We celebrate that God takes sides in this world. The Biblical witness shows beyond a shadow of a doubt that God sides with the poor, the hungry, the oppressed, the enslaved, with orphans and little children, with the most vulnerable in any place and time. God takes sides to build up and heal and restore, to set the captives free. God takes sides, and the words of St. Paul in his letter to the Galatians become more and more true, that “In Christ there is no longer Jew or Greek, slave or free, male or female; for all . . . are one in Christ Jesus.” 

We celebrate and give thanks for the commitment of women and men who poured themselves out over the course of decades to bring an end to slavery, for the commitment of women and men who poured themselves out to gain civil rights for all who live in this land, for the commitment of women and men who still pour themselves out as they take their part in God’s work of healing and justice.
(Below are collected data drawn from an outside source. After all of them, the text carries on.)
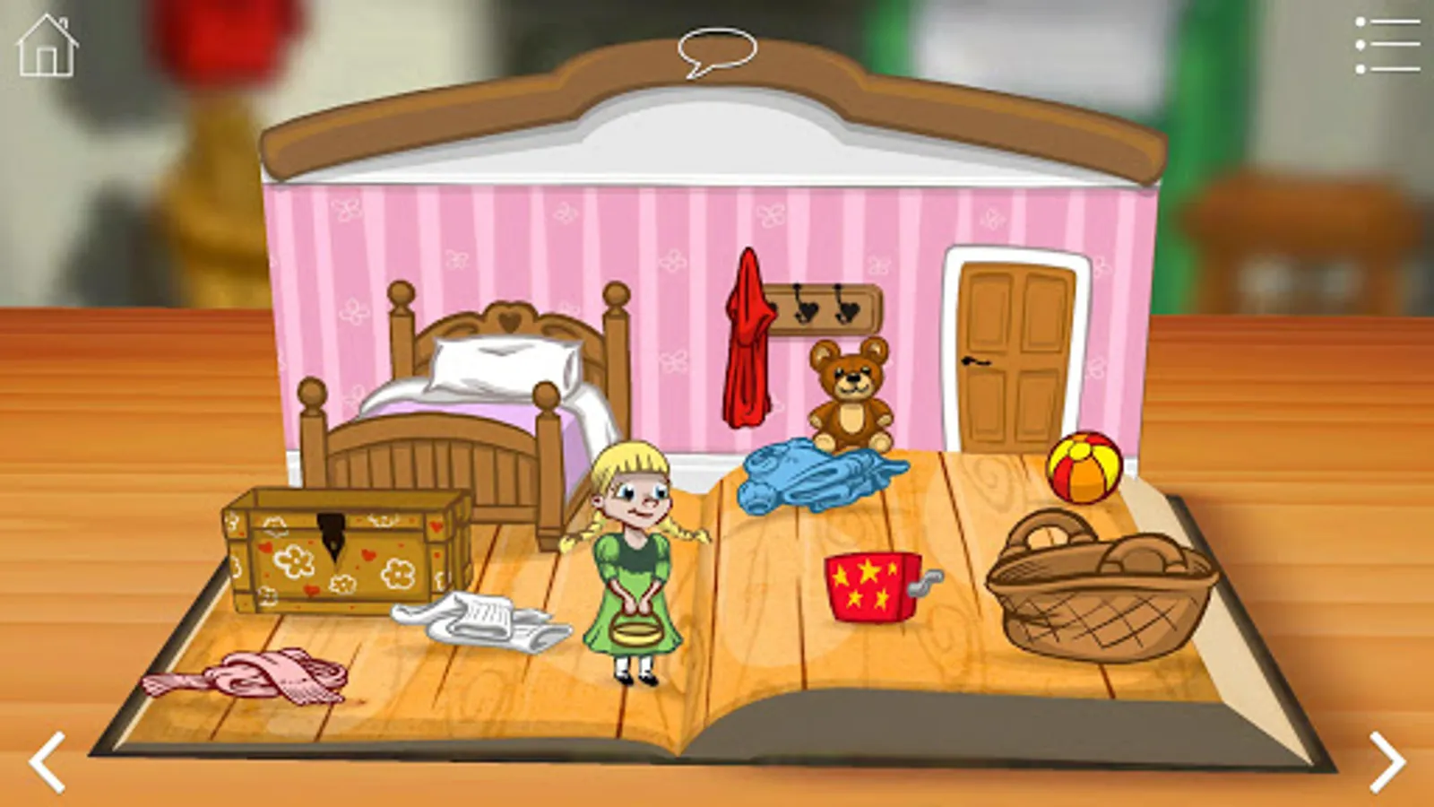 • 8 interactive 3D pop-up scenes with simple tasks and games to perform
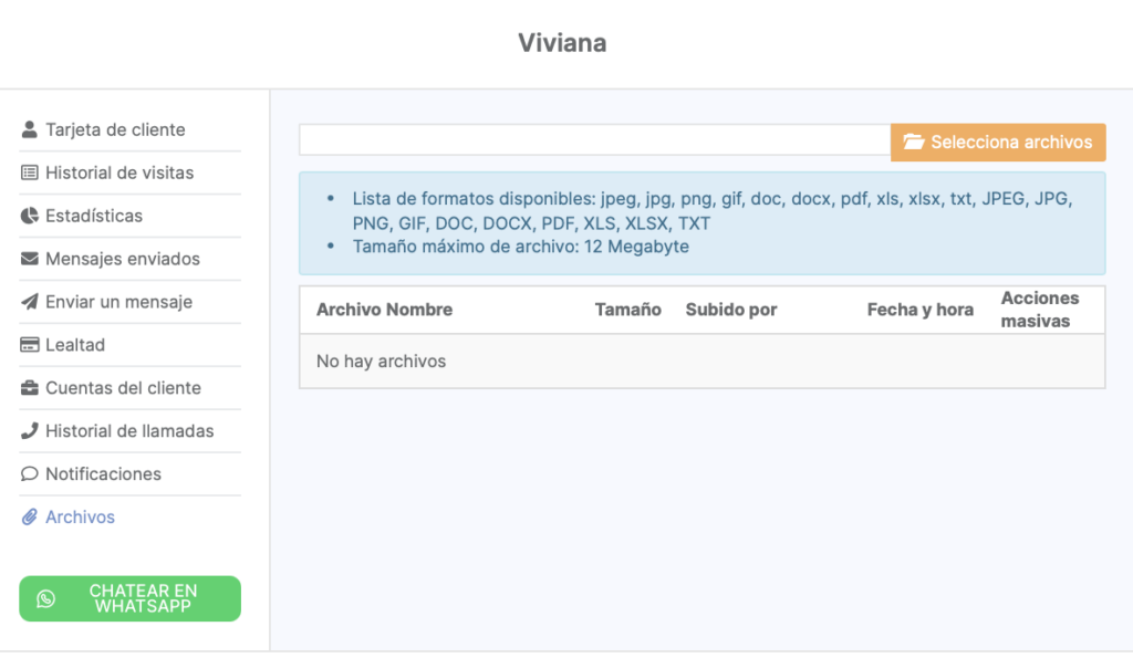Puedes subir archivos del cliente y almacenarlos en Altegio, así como descargarlos o eliminarlos.
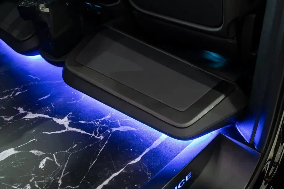 黑色岩板地面是内饰的点睛之笔,选用进口天然黑色岩板经过 12 道工序加工而成,表面光滑如镜,硬度达莫氏 7 级,比普通实木地板耐磨 10 倍以上。岩板表面带有自然的晶体纹理,在灯光下折射出低调的光泽,既耐脏防污,又方便清洁 —— 即使泼洒饮料或沾染泥沙,用湿布一擦即净,让车内始终保持整洁。

We celebrate today, because joy is part of the healing of the great wound in the soul of America, the wound in the soul of the world. 

Today we tell the truth.  

We tell the truth that slavery was an atrocity, a horror beyond our imagining. The owning of one human by another human being is abhorrent; it is an affront to God in whose image every human begin is made.

We tell the truth about how slavery was abolished, a complex story full of commitment and machinations. Actions were not always taken for Godly reasons by people who were products of their time. And yet God worked in and through them for God’s purposes finally to be accomplished. 

We tell the truth that the soul of America is ruptured because of slavery. Not just the souls of descendants of slaves or the souls of descendants of slave owners, but the soul of our nation.

And we tell the truth that healing is possible, because healing is God’s intention for all people in all the world. We tell the truth that justice is possible, because God is God of justice and God works through us, even here and even now, to bring about justice in the world. 

We tell the truth today because truth telling is part of the healing of the great wound in the soul of America, the wound in the soul of the world.

As we sing and pray today, as we listen and as we march together,

We remember.
We celebrate.
We tell the truth.

Because as we do these things, we take our part in God’s work of healing this beautiful, broken, aching, hurting, wondrous world.